Arctic Club Building
Seattle Attractions--Downtown Architecture
Third Avenue at Cherry Street
|History of the Building|
|Photo Gallery Page 1--the Walruses|
|Photo Gallery Page 2--the Polar Bar|
|Photo Gallery Page 3--the Dome Room|
The Arctic Club Hotel is one of my favorite buildings in Seattle. It was built in 1916 as a club for successful Klondike Gold Rush prospectors. The building’s most notable and beloved feature is the group of 27 terra-cotta walrus heads that stand watch over the city from the building’s third floor. The beautifully restored lobby is worth a look. The Arctic Club Building is now a 117 room Doubletree hotel.
For photographers, the Arctic Club Building's walrus heads with their magnificent tusks are a delight to photograph. Take a telephoto shot of a side view of the walruses. Your picture will look like a walrus convention.
HISTORY OF THE BUILDING
The Arctic Club was a men’s social club that was founded to provide a gathering place for men who had gotten wealthy from the Klondike Gold Rush. The Arctic Club built the nine--story Arctic Club Building in 1916.
The city of Seattle occupied and owned the building for many years. The building was sold to a private group and it was converted to a luxury Doubletree Hotel in 2008.

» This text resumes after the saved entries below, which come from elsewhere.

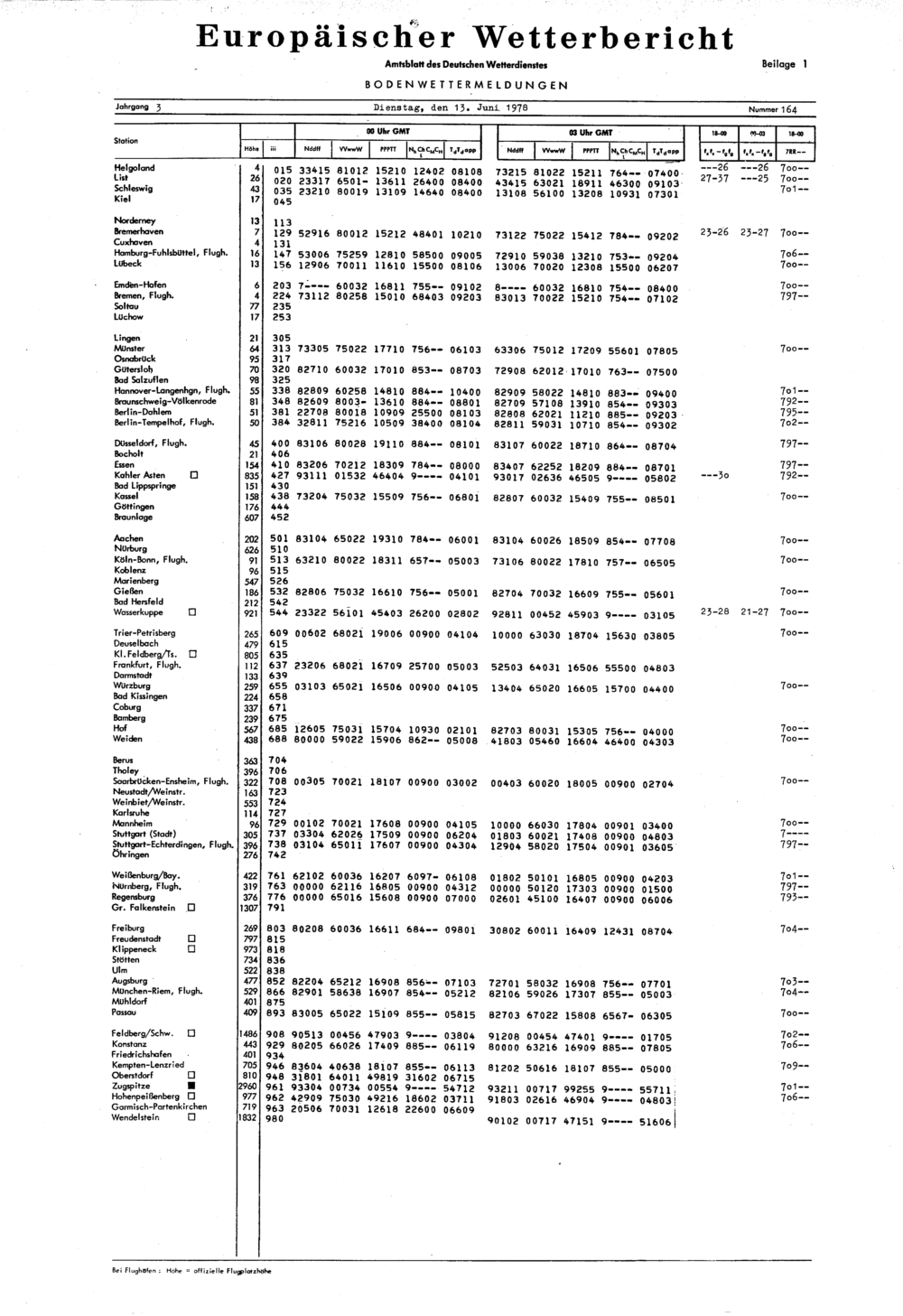 Europäischer Wetterbericht. Beilage 1, Bodenwettermeldungen. 1976-1994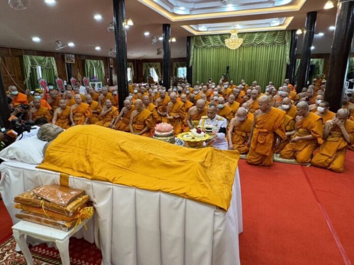 ทั้งนี้ พล.ต.อ.ต่อศักดิ์ สุวิมล ผบ.ตร. พร้อมด้วยพล.ต.ต.วิวิฒน์ คำชำนาญ รองผบช.สอท. และได้ข้าราชการตำรวจจำนวนหนึ่ง เดินทางไปร่วมสรงน้ำสรีระหลวงพ่อพัฒน์ โดย “บิ๊กต่อ” ได้เข้าไปกราบที่เท้าและหัวไหล่ของสรีระหลวงพ่อพัฒน์ เพื่อกราบลาเป็นครั้งสุดท้าย ในฐานะลูกศิษย์ก้นกุฎิ ที่หลวงพ่อพัฒน์ยกให้เป็นลูกบุญธรรมของท่าน ส่วนพระพิธีธรรมสวดพระอภิธรรมนั้น จะมีพิธีดังกล่าวตั้งแต่วันนี้ ไปจนถึงวันที่ 3 ธันวาคม 2566 เริ่มเวลา 18.30 น. โดยยังไม่มีการกำหนดวันพระราชทานเพลิงศพ และการเก็บรักษาสรีระของหลวงพ่อพัฒน์ จะถูกบรรจุไว้ในโรงแก้ว ที่จัดทำขึ้นเป็นพิธี และตั้งไว้อยู่ภายในห้องปลอดเชื้อ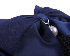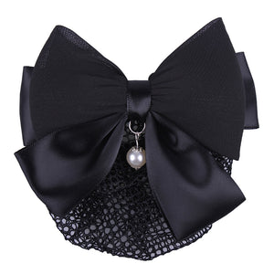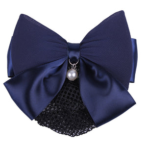 Hair bow with fine mesh net and double satin bow. The upper bow is made of organza. The bow is decorated with a pearl and can be fastened with a barrette clip.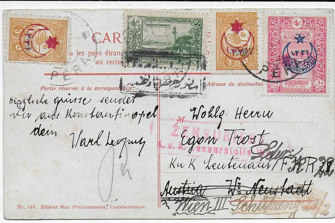 Türkei: AK Constantinople um 1915 an KuK Leutnant Neustadt, Zensur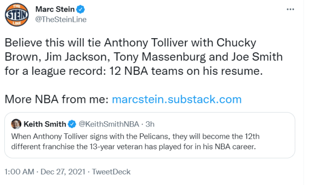 来源:JRS直播网12-27 15:07JRS直播网12月27日讯 ,36岁老将安东尼-托利弗将和鹈鹕签下一份10天合同,2021-22赛季将是他的生涯第14季。记者Keith Smith表示,鹈鹕是托利弗效力的第12支球队,而记者Marc Stein表补充道:“生涯效力12支不同的球队,意味着托利弗追平了联盟纪录,此前,查基-布朗、吉姆-杰克逊、托尼-马森伯格、伊斯梅尔-史密斯和乔-史密斯都曾做到过。”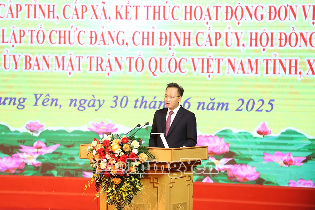 Ngày 30/6, tại Trung tâm Thông tin - Hội nghị tỉnh diễn ra lễ công bố Nghị quyết, quyết định của trung ương và địa phương về sắp xếp đơn vị hành chính (ĐVHC) cấp tỉnh, cấp xã; kết thúc hoạt động ĐVHC cấp huyện; thành lập tổ chức Đảng; chỉ định cấp ủy, HĐND, UBND, Ủy ban MTTQ Việt Nam tỉnh, xã, phường. Lễ công bố được tổ chức theo hình thức trực tiếp kết hợp trực tuyến từ điểm cầu tỉnh đến điểm cầu các xã, phường trong toàn tỉnh.

After a couple of quality restorations and the recent conversion of the building to a luxury Doubletree Hotel, the building retains many of the original architectural features that made the building so attractive and unique.
The 27 terra cotta walrus heads are the building’s most distinguishing and enduring symbol. They line the building’s third floor and gaze serenely out at Cherry Street and Third Avenue.
The building is one of Seattle’s finest examples of terra cotta ornamentation. The terra cotta including the walrus heads is presented in lovely blue, peach, and ivory tones. It was Seattle’s first building to feature colored terra cotta.
The lobby retains much of the original building’s ornamentation. This is helped by the framed portraits of the original members of the Arctic Club that are presented near the main entrance. The staircase leading to the third floor is made of Alaskan marble.
The beautifully restored Polar Bar is one of the most attractive bars in the city and serves as eye candy for visitors in the lobby. The Polar Bar makes you feel like you just moved back in time to the early 20th century.
The crowning glory of the building's interior is the splendid Northern Lights Dome Room that features a stained glass ceiling made by Tiffany and Company. It is certainly one of Seattle’s most beautiful interior spaces and it reminds you of the luxury and elegance from the early 20th century.